Benjamin Williams 2 March, 2023 11:17 am

It is a laudible aim to seek to reduce over-prescription. Healthcare services cannot reasonably be expected to compensate for the declines in civic participation and family life. It’s up to civil society, not medicine, to create the opportunity in people’s lives for meaning, purpose and companionship. As long as people keep seeking these things from healthcare, then the fundamental problems driving overprescription won’t change.

David Jarvis 2 March, 2023 11:34 am

Is suicide due to chronic pain and medication stopped a harm?

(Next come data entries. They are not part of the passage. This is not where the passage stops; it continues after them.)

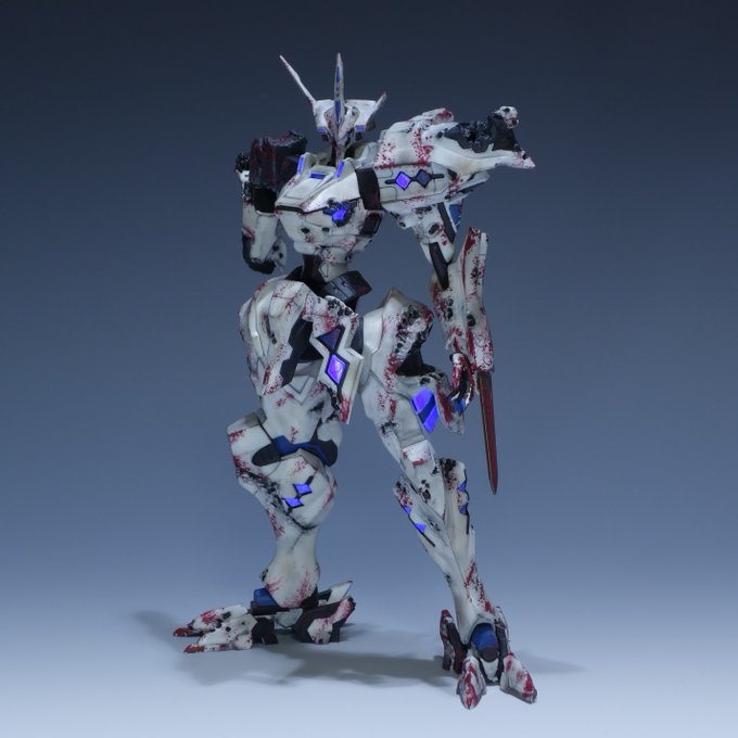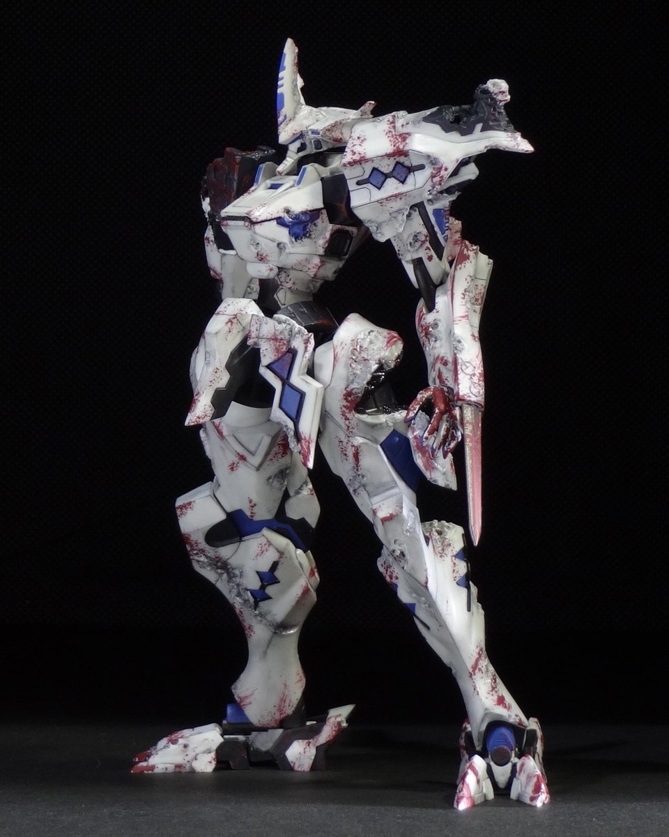 1/144 武御雷 Type-00A 桜花作戦仕様 バトルダメージver. (彩峰慧搭乗機) #マブラヴオルタネイティヴ 以前ツイートしたものを若干リペイントしました。 模型的アレンジとして、発光部を一部消灯させ、より満身創痍な状態を感じられるようにしています。 ——おまえらなんかにやられないッ!!
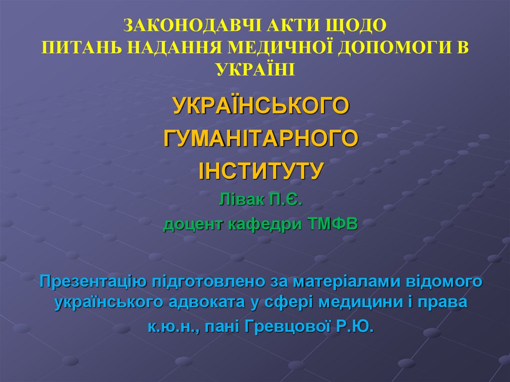 1. ЗАКОНОДАВЧІ АКТИ ЩОДО ПИТАНЬ НАДАННЯ МЕДИЧНОЇ ДОПОМОГИ В УКРАЇНІ
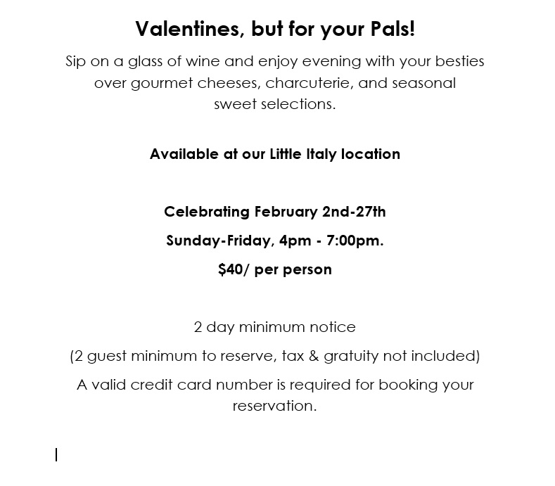 In providing your credit card information to reserve Palentines Cheese& Charcuterie you authorize Extraordinary Desserts Inc. to charge a cancellation fee for the amount of $40 per guest to the credit card provided in the event that the confirmed reservation is not attended or cancelled the day of your reservation. 24 hour notice is required for all reservation cancellations to avoid being charged.
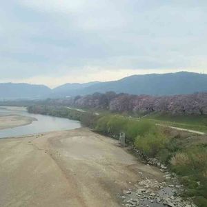 背割堤⑤ 御幸橋から全景 全景は無理ですね、うつってない 全長1・4キロ 250本のソメイヨシノ さて、早朝サイクリングから帰宅。朝ごはん☕😃 実家は携帯ナイ、スマホナイ、パソコンナイ、車もナイ、のないない尽くしなので 頼りは電話だけですね~💦 オレオレ詐欺には 気をつけてと 注意して、、帰るとしますか🚄🚄🚄📦
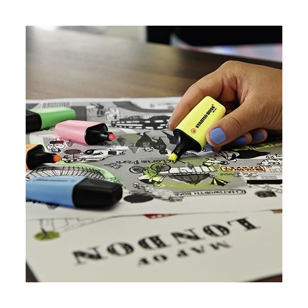 STABILO BOSS MINI. Zvýrazňovače pre všetkých, ktorí si myslia, že mini je roztomilý, zábavný alebo praktický. Klasický STABILO BOSS ORIGINAL v mini formáte: môžete sa spoľahnúť na plný výkon. Zmestí sa do najmenšieho vrecka. Technológia STABILO Anti-Dry-Out: 4 hodiny ochrany proti vysychaniu pri sústredenej práci. Kvalita STABILO v prevedení, pohodlný pri nosení a písaní. Atrament na vodnej báze. 2 šírky čiar 2 + 5 mm.

David Church 2 March, 2023 12:00 pm

So, GP decides to offer psychotherapy, rather than an antidepressant of low dependence risk;
We refer to CMHT in order to get psychotherapy, but are not allowed to indicate which treatment modality we wish to refer for, any more;
CMHT allocate to a non-counsellor route, and recommend a highly addictive antidepressant with z-drug or BZD alongside; then as soon as prescription issued, they dump them, addicted, back in GP lap as ‘not suitable for talking therapies because on addictive medication’, or something similar, with no further follow-up.
How about a project to have secondary care ‘primary care mental health services’ teams tackle the addiction problem?
Or is mental health and addiction not a mental health issue?

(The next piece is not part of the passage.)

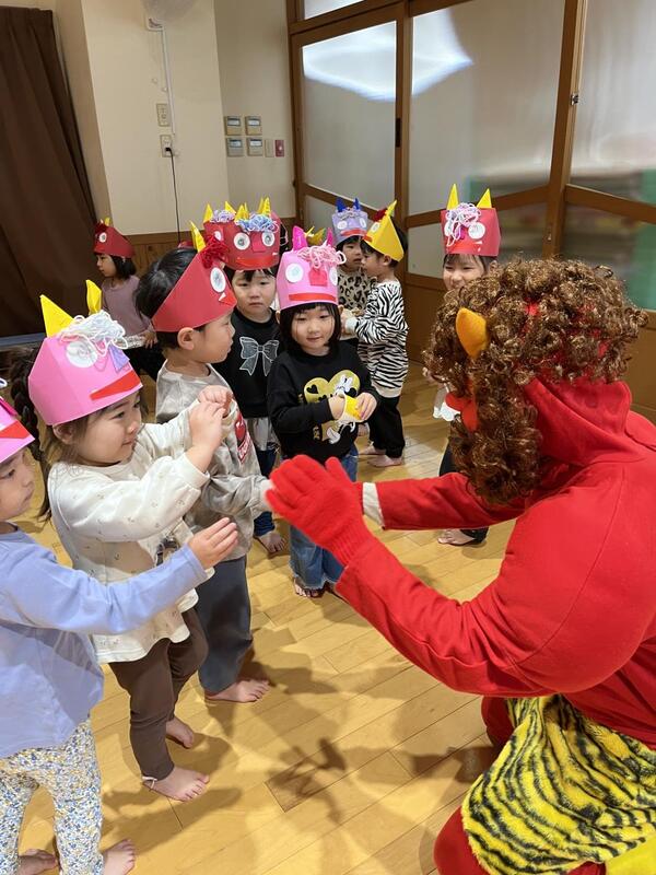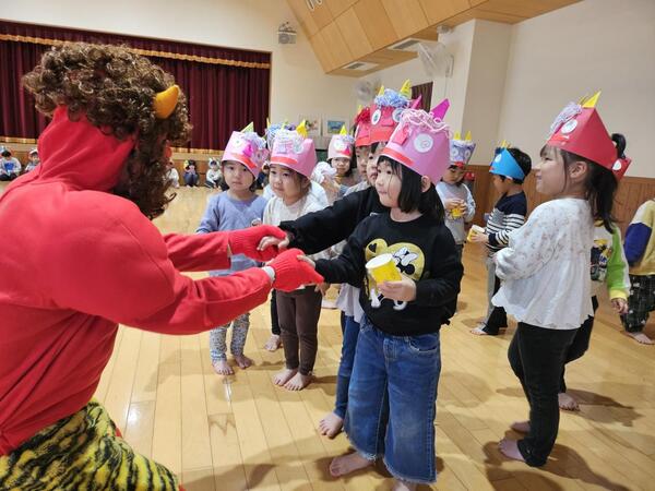 2月3日(火)は節分でした。あおぞら保育所にも赤おにさんがきて、子どもたちは心の中の「泣き虫おに」や「怒りんぼおに」をやっつけました。
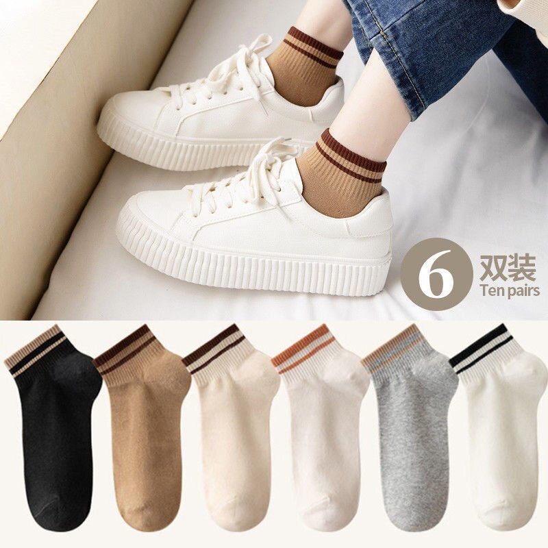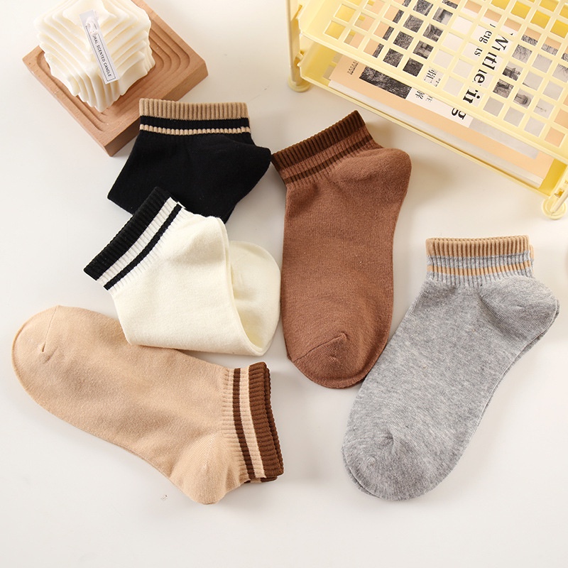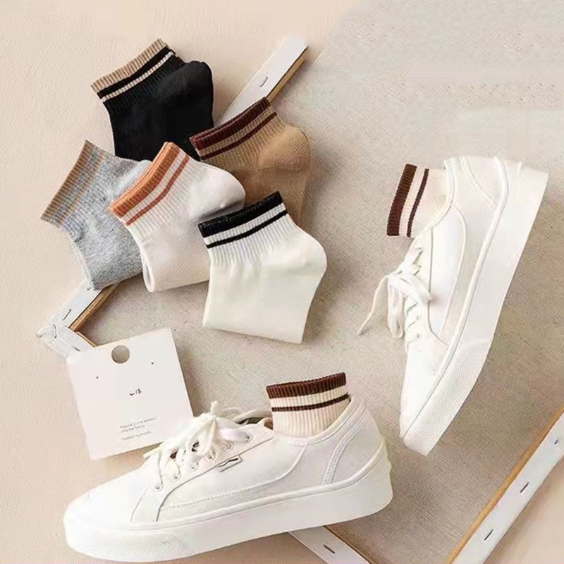 CLICKBRA | KK823 Kaos Kaki Garis Unisex Wanita pria Korea Kaus Kaki Panjang Betis Warna Cewek Cowok

SUBHASH BHATT 2 March, 2023 1:03 pm

Waiting time for those clinics?
In past CBT was answer to every thing. We wait a while to get them seen . Some will come back and say it did not help..

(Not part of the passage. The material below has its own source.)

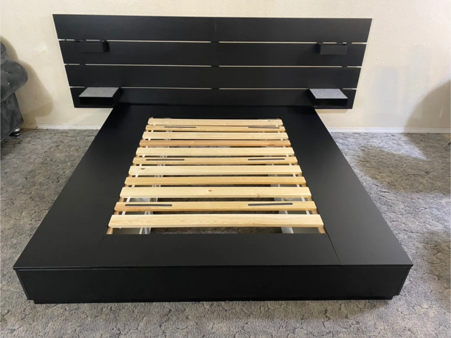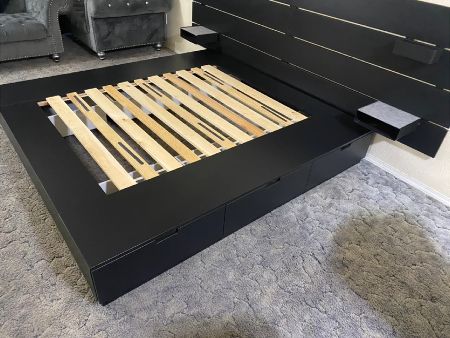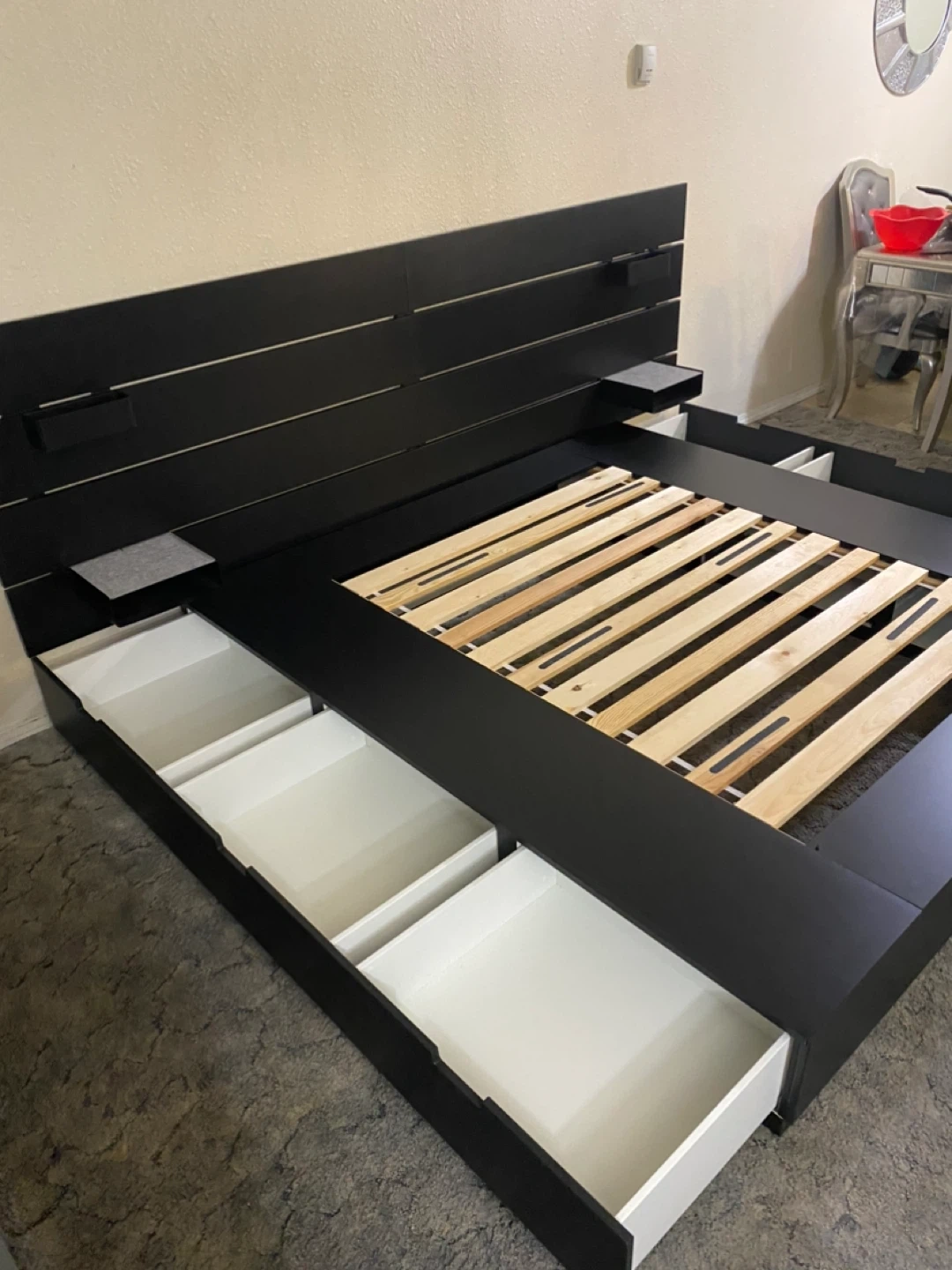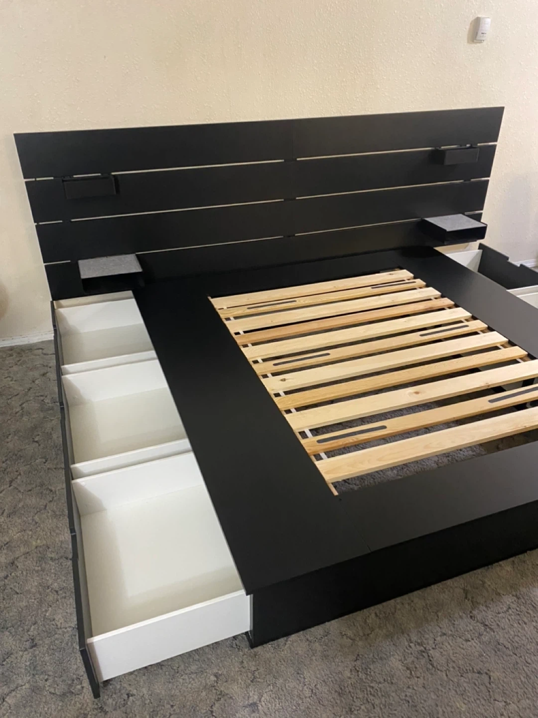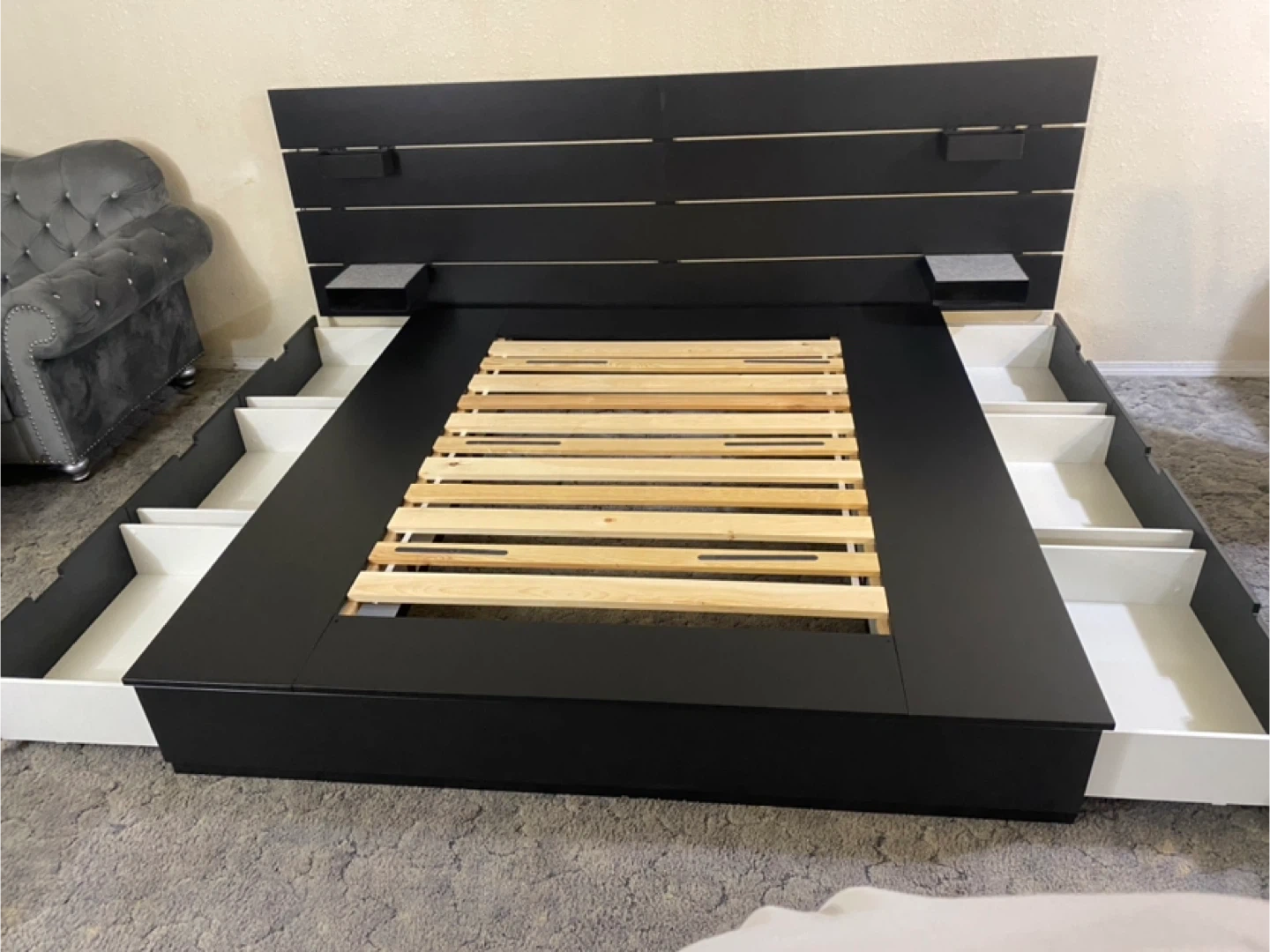 NORDLI king with 6 hydraulic drawers in perfect condition It features a modern headboard with built-in shelves and convenient storage drawers underneath. The bed frame is sturdy and in great condition, ready to add a stylish touch to your bedroom!pick up near surrey centre station or can deliver for extra .smoke and pet free.

Anthony Gould 2 March, 2023 1:23 pm

A lot if reduction already so let’s not be obsessive and cruel to patients who need adequate pain relief
Perhaps the work should focus practices with higher prescribing for addictive drugs
These are likely to be areas of high deprivation so an investment of additional trading and resources needed
10 years ago in my old practice we reduced benzo prescribing dramatically but it took a whole practice and pharmacy approach
Our blue print is available

Finola ONeill 2 March, 2023 2:10 pm

Antidepressants don’t even cause dependence? Read above NICE guidance.
What exactly do NHSE expect us to prescribe?
Paracetamol for pain and homeopathy for mental health.
We explain the risks to patients.
Opiates cause rapid tolerance as do benzos so they are always a bad idea unless a very short course or very occasional use can be guaranteed.
Gabapentinoids when they work are brilliant. They don’t cause tolerance so they continue to work long term, you don’t have to keep upping dose. Amitriptyline can be excellent too.
Antidepressants can transform people’s lives too.
Everything needs follow up and proper discussion with the patient so they can choose.
How does NHSE square this up with patient centred health.
It’s very baby out with the bathwater.
Besides the dumbest thing of all is its all the grannies on the benzos and opiates and they are not giving them up. They go crazy cross and point blank refuse when you try and take away the temazepam.
Meanwhile the poor young buggers with sciatica get the talk to the hand and take some paracetamol.
Anyway. I’m on sertraline, found it a life saver, will come off it when I am bloody ready too and thank God my GP didn’t try and persuade me to take up the NHSE CBT robot or mindfulness app instead.
Give me strength.
Anyway. On we go.

Dave Haddock 3 March, 2023 3:14 pm

Huge numbers of people addicted to drugs from which the only benefit is relief of withdrawal symptoms.
Sadly many still in denial about the harms done.

Slobber Dog 5 March, 2023 11:59 am

How about NICE taking a full page advertisement in the tabloids explaining their guidelines on chronic pain, back pain and osteoarthritis management?